Data →
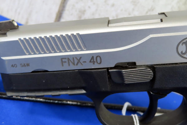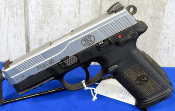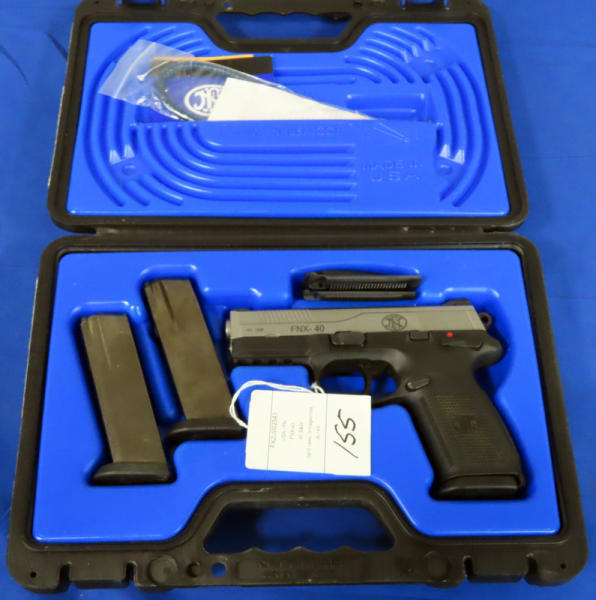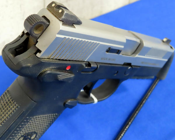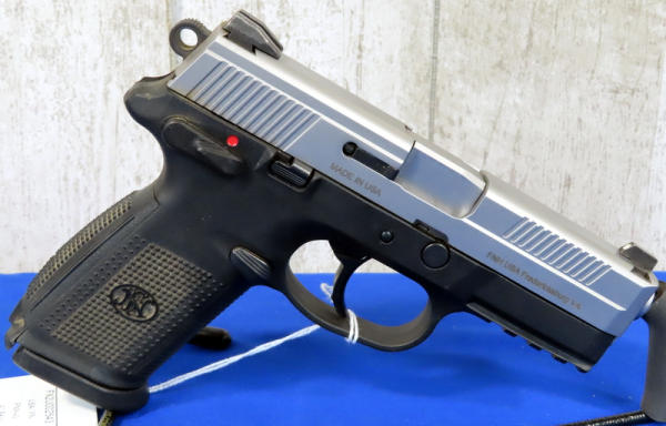 4" Stainless barrel; black synthetic frame w/stainless slide; night sights; 3-magazines; factory hard case; used but good shape; USA; SN#FX2U002543; A-140
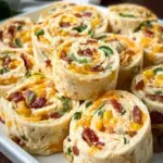 Add Bacon (Optional): Sprinkle bacon bits on top of the pinwheels, if you wish. This little enhancement brings a delightful crunch and smokiness to each bite.
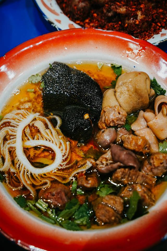 如果天气冷些的话还可以再来一份羊杂汤,趁着热乎乎喝下肚,非常暖和。
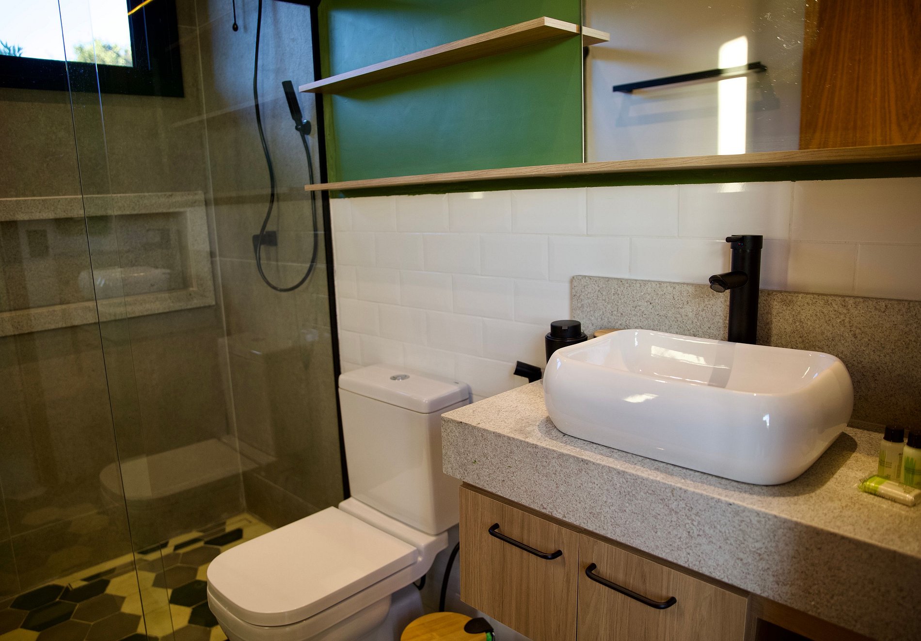 - Banheiro:Possui áreas molhada e seca juntas, com armários sob medida e chuveiro elétrico.
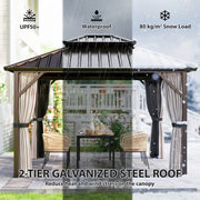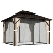 Permanent Garden Gazebo with 2 Tier Steel Roof, Curtains and Netting for Year Round Shelter and Privacy, Brown & Black
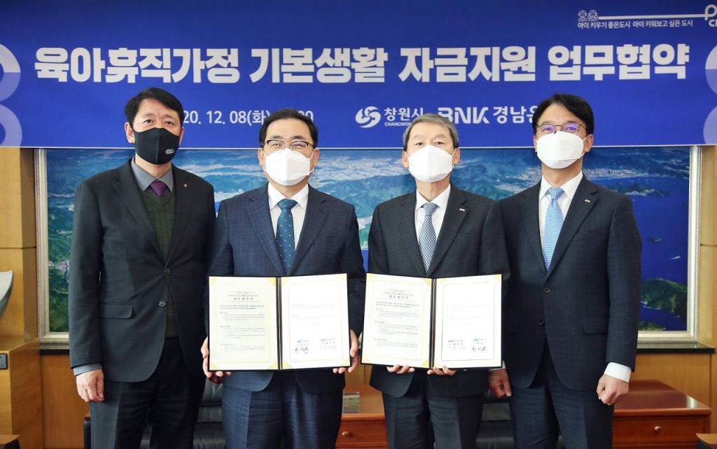 [아시아경제 영남취재본부 박새얀 기자] 경남 창원시가 8일 오전 10시 30분 접견실에서 BNK경남은행과 '2021년 육아휴직가정 기본생활 자금지원 업무협약'을 체결했다.
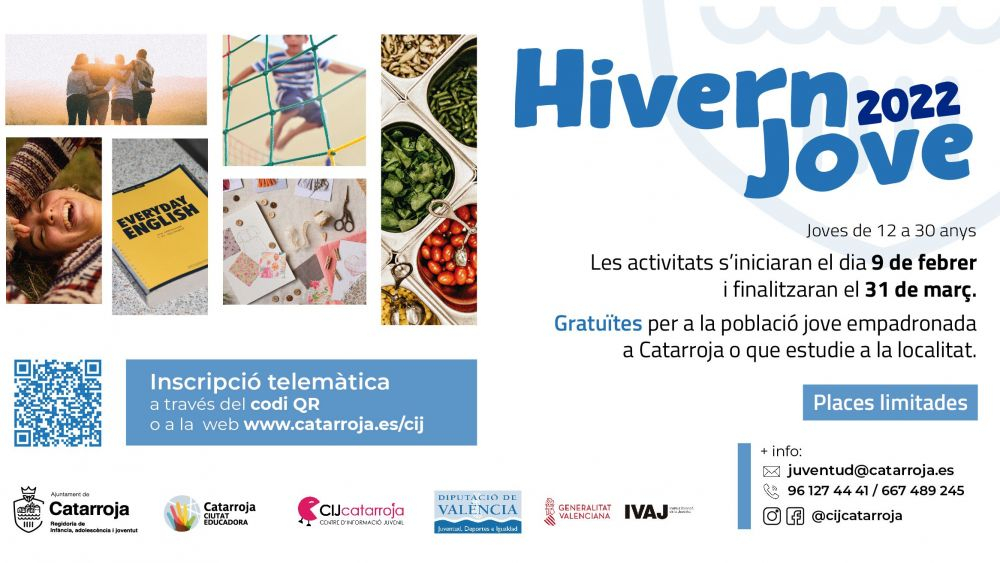 Este viernes 28 de enero se abre el periodo de inscripción para las actividades que componen la programación Hivern Jove 2022, el programa de actividades gratuitas destinado a la población juvenil, desde primero de la ESO hasta los 30 años, que esté empadronada en Catarroja o que estudie en alguno de los centros educativos de la localidad. La concejalía de Juventud continúa, de esta forma, apostando por consolidar la participación de la población juvenil dando respuesta en su programación a las necesidades formativas y de ocio de la juventud del pueblo.
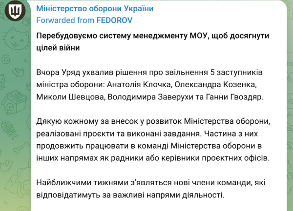 费多罗夫对他们为乌国防部付出的努力表达了感谢。
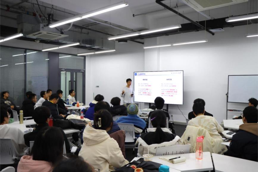 1月10日晚上,两届冯如杯冠军得主、24级博士研究生寇竞带来科创竞赛经验分享。寇竞在分享中,将一个完整的科创项目划分为:故事、技术、商业和展示四个关键维度,并细化七个步骤,深入浅出地介绍了如何打造一个成熟的科创项目。寇竞以冯如杯为例,强调了理论创新、技术创新、方法创新、应用创新在竞赛中的核心地位,并向同学们传授了PPT制作、汇报展示等实用技巧,为同学们正在准备的智创赛开拓思路。

Problem statement →
Print every record exactly without the images.

Your response →
 4" Stainless barrel; black synthetic frame w/stainless slide; night sights; 3-magazines; factory hard case; used but good shape; USA; SN#FX2U002543; A-140
 Add Bacon (Optional): Sprinkle bacon bits on top of the pinwheels, if you wish. This little enhancement brings a delightful crunch and smokiness to each bite.
 如果天气冷些的话还可以再来一份羊杂汤,趁着热乎乎喝下肚,非常暖和。
 - Banheiro:Possui áreas molhada e seca juntas, com armários sob medida e chuveiro elétrico.
 Permanent Garden Gazebo with 2 Tier Steel Roof, Curtains and Netting for Year Round Shelter and Privacy, Brown & Black
 [아시아경제 영남취재본부 박새얀 기자] 경남 창원시가 8일 오전 10시 30분 접견실에서 BNK경남은행과 '2021년 육아휴직가정 기본생활 자금지원 업무협약'을 체결했다.
 Este viernes 28 de enero se abre el periodo de inscripción para las actividades que componen la programación Hivern Jove 2022, el programa de actividades gratuitas destinado a la población juvenil, desde primero de la ESO hasta los 30 años, que esté empadronada en Catarroja o que estudie en alguno de los centros educativos de la localidad. La concejalía de Juventud continúa, de esta forma, apostando por consolidar la participación de la población juvenil dando respuesta en su programación a las necesidades formativas y de ocio de la juventud del pueblo.
 费多罗夫对他们为乌国防部付出的努力表达了感谢。
 1月10日晚上,两届冯如杯冠军得主、24级博士研究生寇竞带来科创竞赛经验分享。寇竞在分享中,将一个完整的科创项目划分为:故事、技术、商业和展示四个关键维度,并细化七个步骤,深入浅出地介绍了如何打造一个成熟的科创项目。寇竞以冯如杯为例,强调了理论创新、技术创新、方法创新、应用创新在竞赛中的核心地位,并向同学们传授了PPT制作、汇报展示等实用技巧,为同学们正在准备的智创赛开拓思路。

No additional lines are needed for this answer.